> [THE TASK]
An exact transcript is required of the lines below, from the one containing "Suicides | Accuracy |" through the very last; leave every picture out of it.

> [SOURCE DATA]
Content starts

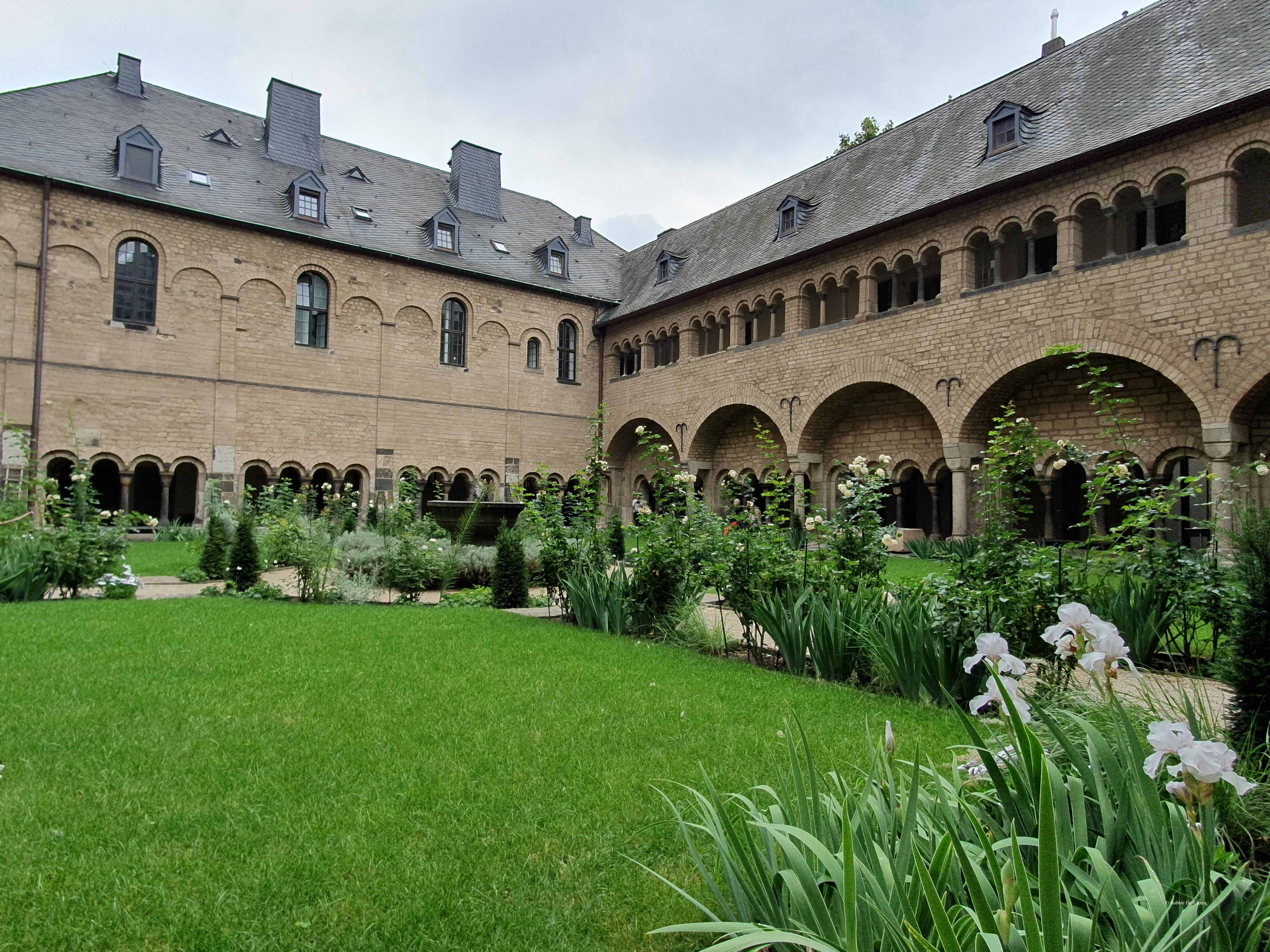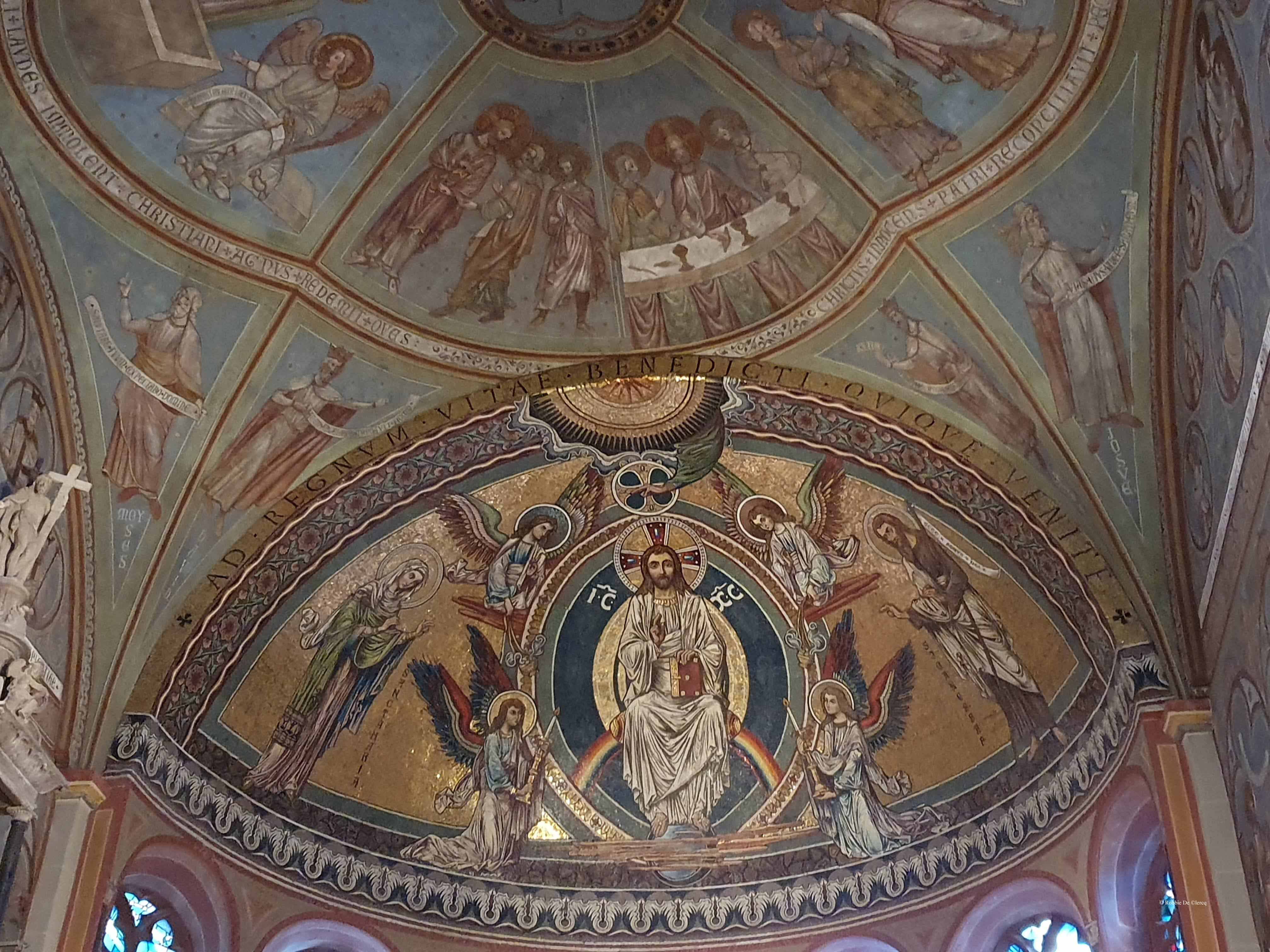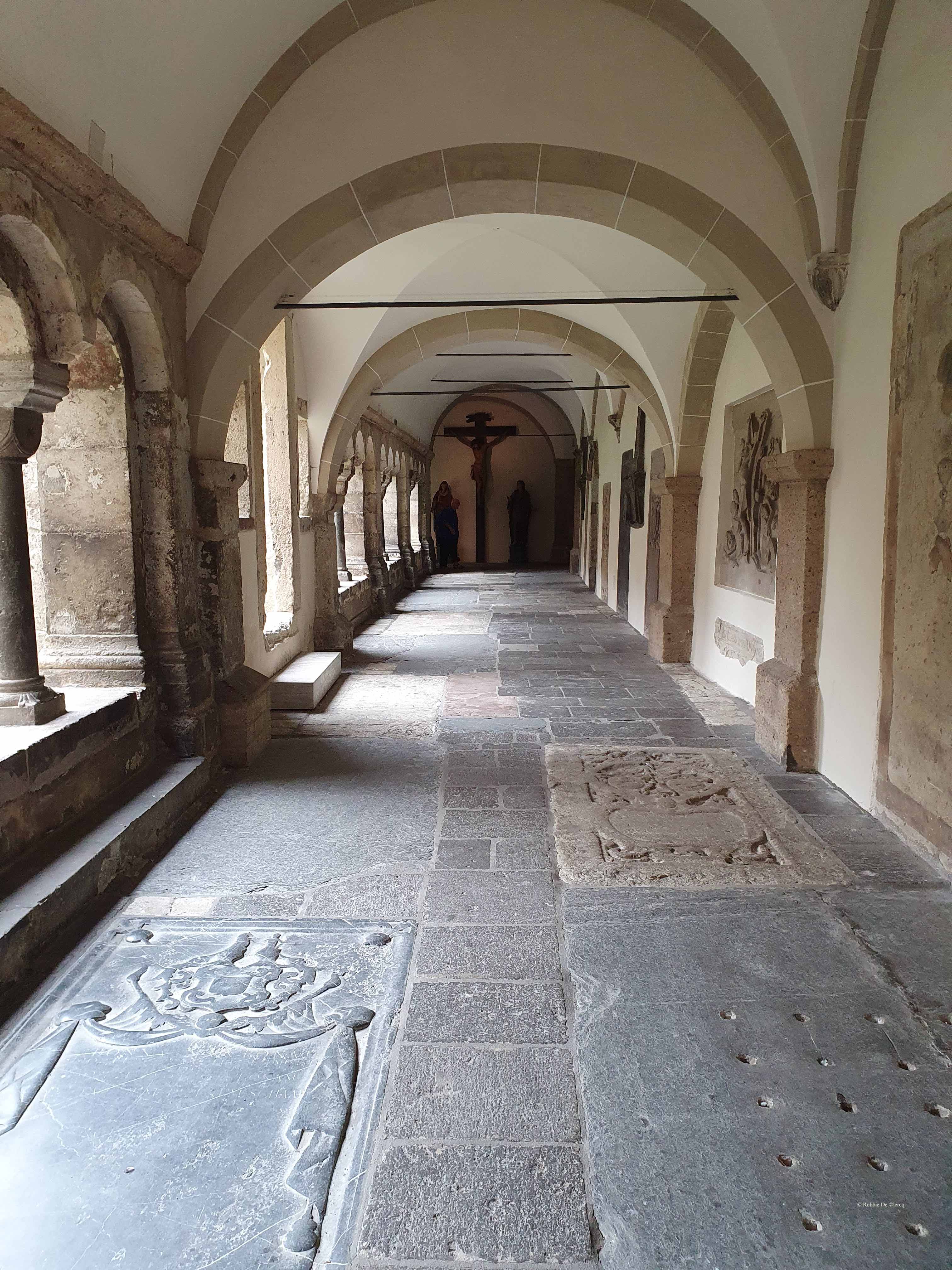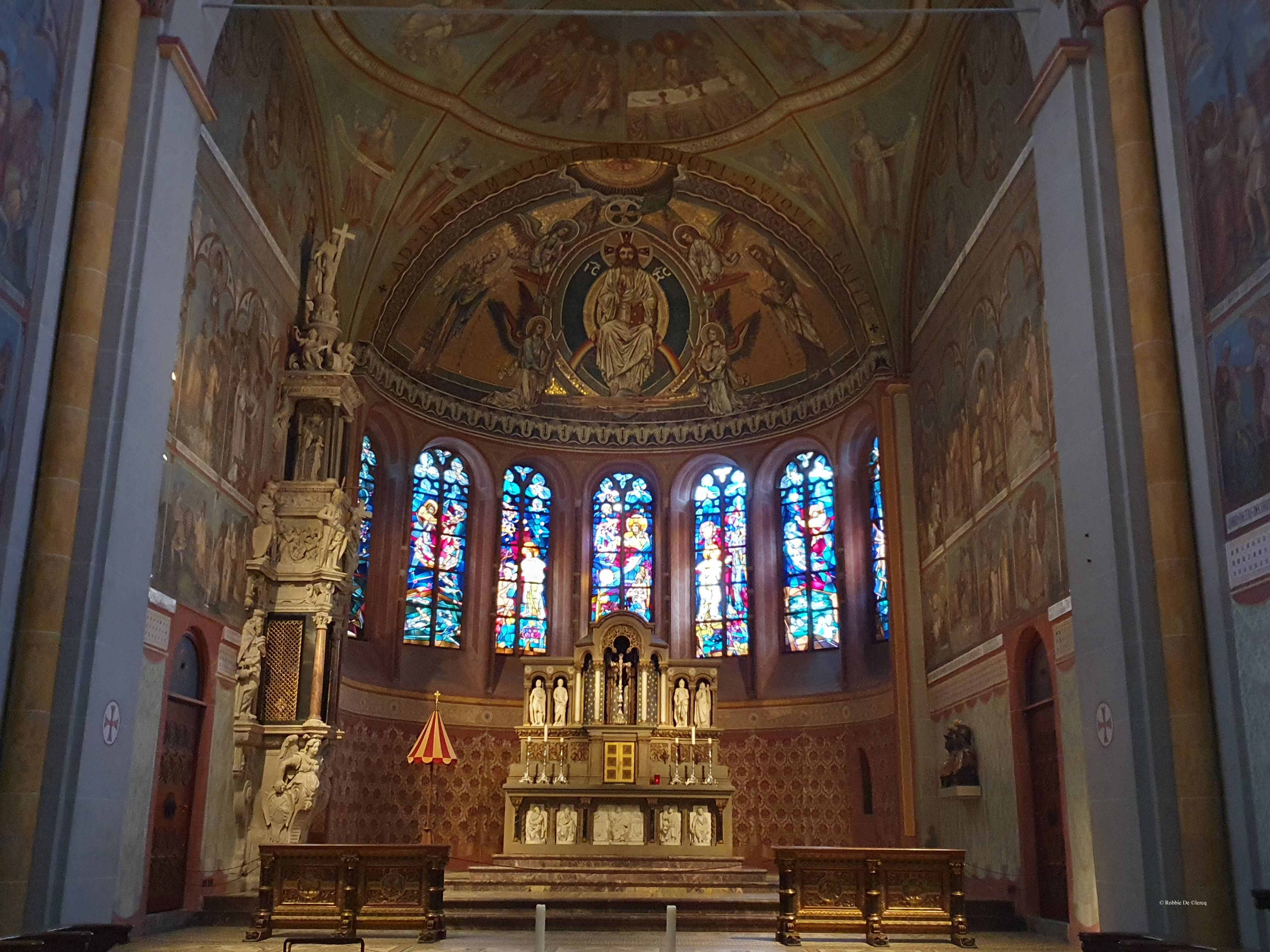 Het dwarsschip was amper breder dan het schip. De basiliek had een dubbel koor; een lang koor over een driebeukige crypte in het oosten waaronder zich een grafkelder bevond en een westelijk koor waaronder zich eveneens een crypte bevond. Van dit 11e-eeuwse bouwwerk zijn slechts de grafkelder, delen van de oostelijke crypte, het oostkoor en het westelijke deel behouden. In de grafkelder bevinden zich drie stenen sarcofagen en een met bakstenen ommuurd graf.
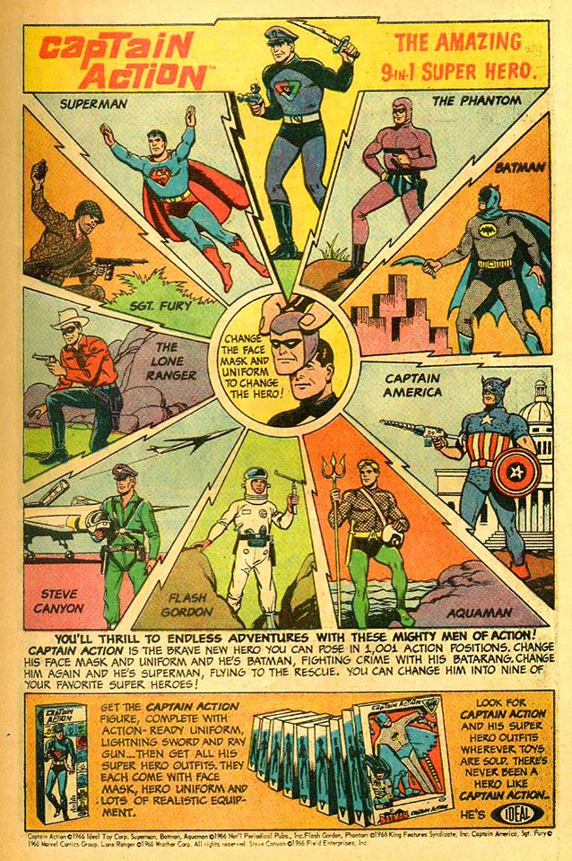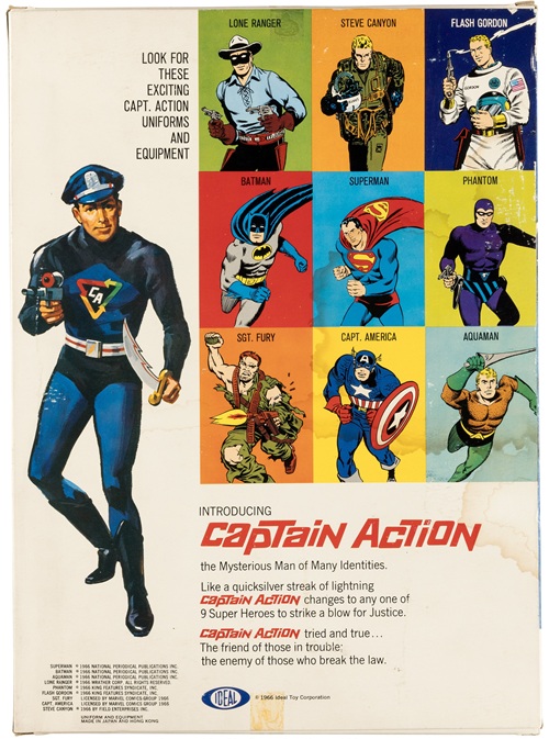 The Captain Action figure was first introduced by the Ideal Toy Corporation in the United States during the spring of 1966. This action figure was conceived as a direct competitor to Hasbro’s highly popular 12-inch GI Joe. Rather than adopting the military theme prevalent among other action figures of the era, the Ideal Toy Corporation opted to center their action figure on comic book characters and television heroes.
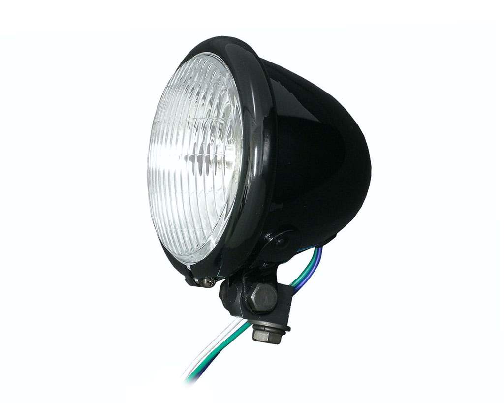 色:ブラック(ツヤあり)サイズ:4-1/2インチ(約114mm) ブロックのボルトピッチ:3/8-16素材:外側ケース:スチール レンズ:ガラスリフレクター:プラスチック内容物:ヘッドライト本体(H4バルブ 35/35W付き)×1個 4-1/2inヘッドライトブロック×1個注意事項:!注意!この商品にはH4バルブ35/35Wのみ適合します。それ以外のバルブは適合しません。配線色HI:青、LO:白、アース:緑仕様は予告無く変更する場合が御座います。取り付け前にご確認下さい。取り付けの際は純正のボルトを御利用頂くか、3/8-16のピッチのボルトを御用意下さい。旧仕様の000652とは塗装の色が異なります、御注意下さい。商品説明:4.5インチいわゆるベーツタイプです。12Vカスタム用のヘッドライトです。バルブタイプなので球が切れても出費がかさみません。ヘッドライト上部にハイビーム灯付き(青色)バルブはH4のハロゲンです。かなり小さいのでカスタムには最適。フロントビューがすっきりしますよ。汎用なので何にでも使えますが、加工が必要です。レンズが割れてしまったら4-1/2inヘッドライトレンズ、もしくは4-1/2inヘッドライトブルーレンズをどうぞ。
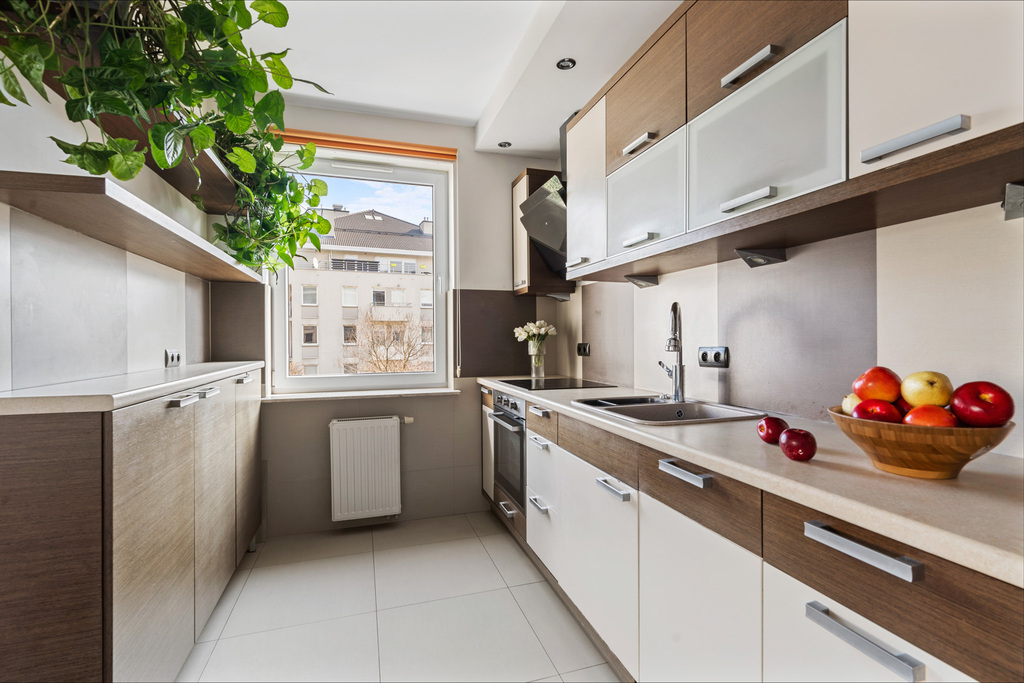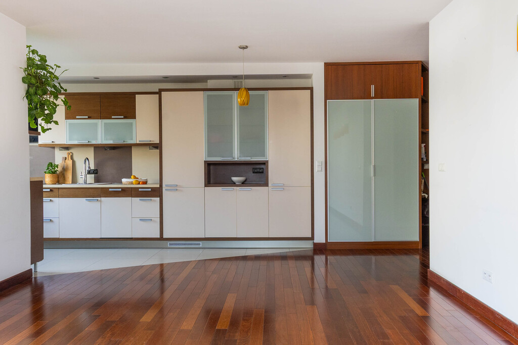 • Duży salon z aneksem kuchennym w zabudowie – naturalne centrum życia, gdzie toczy się Wasza codzienność, a wyjście na duży balkon dodatkowo otwiera tę przestrzeń.
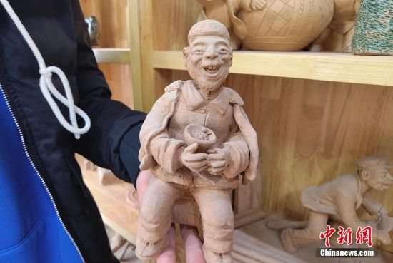 圖為泥塑作品展現(xiàn)人們娛樂場(chǎng)景。 劉玉桃 攝
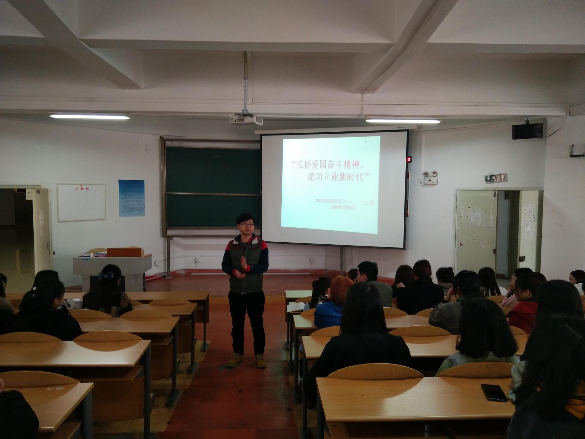 为认真贯彻落实习近平总书记对弘扬爱国奋斗精神做出的一系列重要指示,激发员工的奋斗激情与使命担当,引导他们把自己的理想同祖国的前途、把自己的人生同民族的命运紧密联系在一起,在新时代做出新贡献。美加墨世界杯官方网站2015级应用化学(一)、(二)班于3月11日在宁静楼437开展了“弘扬爱国奋斗精神、建功立业新时代”的主题班会活动,主题班会由辅导员张培卫老师主持。
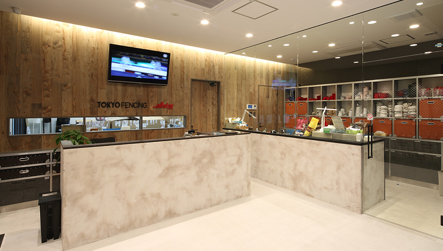 当施設1Fにてフェンシングで使うウェアや、シューズ、カバンなどを取り揃えたショップがございます。
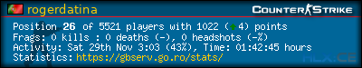 | Rank | Name | Time | Last Use | Kills | Deaths | K:D | Headshots | HS:K | Suicides | Accuracy |
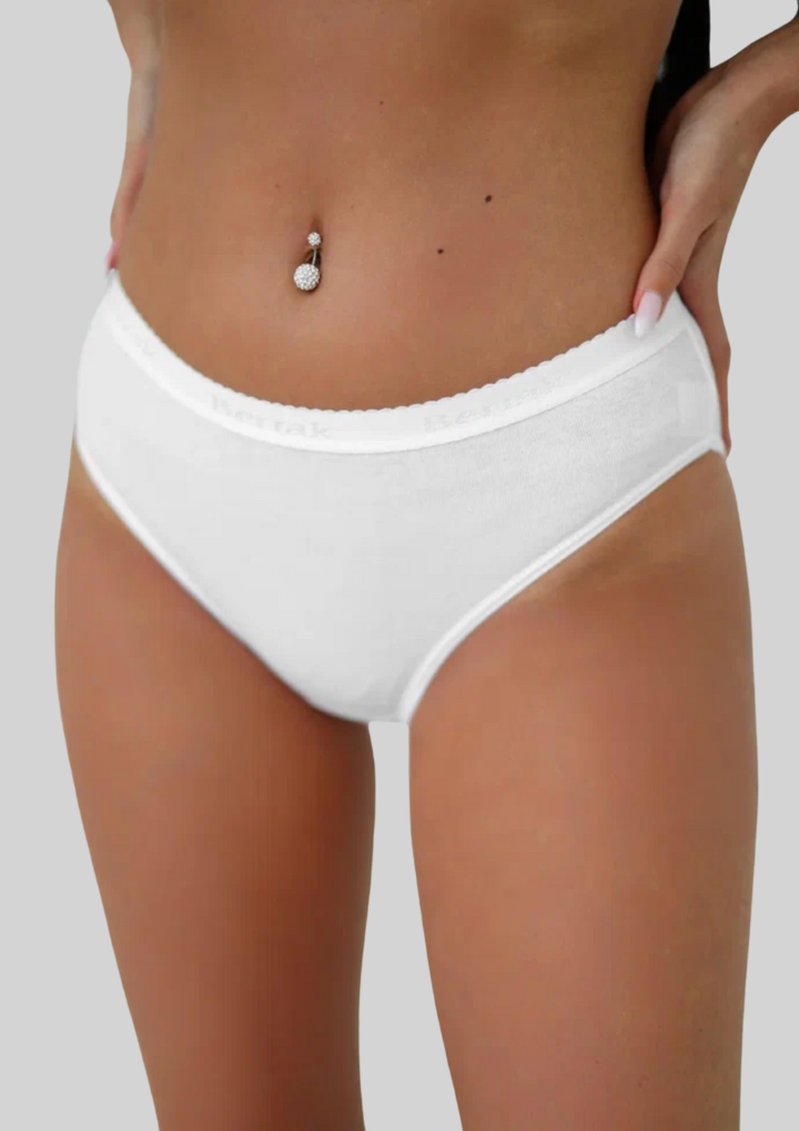 Трусы женские из натурального хлопка с завышенной посадкой от турецкого бренда Berrak порадуют представительниц прекрасного пола. Удобное и практичное нижнее белье для женщин. Трусы - бикини с эластичной брендированный резинкой мягкие к телу и не сдавливают. Белье отлично подходит для повседневной носки и занятий спортом. Приятно прилегают к телу за счет качественного материала, не вызывают раздражения и позволяют коже дышать.

Content ends

> [RESPONSE TO THE EXERCISE]
 | Rank | Name | Time | Last Use | Kills | Deaths | K:D | Headshots | HS:K | Suicides | Accuracy |
 Трусы женские из натурального хлопка с завышенной посадкой от турецкого бренда Berrak порадуют представительниц прекрасного пола. Удобное и практичное нижнее белье для женщин. Трусы - бикини с эластичной брендированный резинкой мягкие к телу и не сдавливают. Белье отлично подходит для повседневной носки и занятий спортом. Приятно прилегают к телу за счет качественного материала, не вызывают раздражения и позволяют коже дышать.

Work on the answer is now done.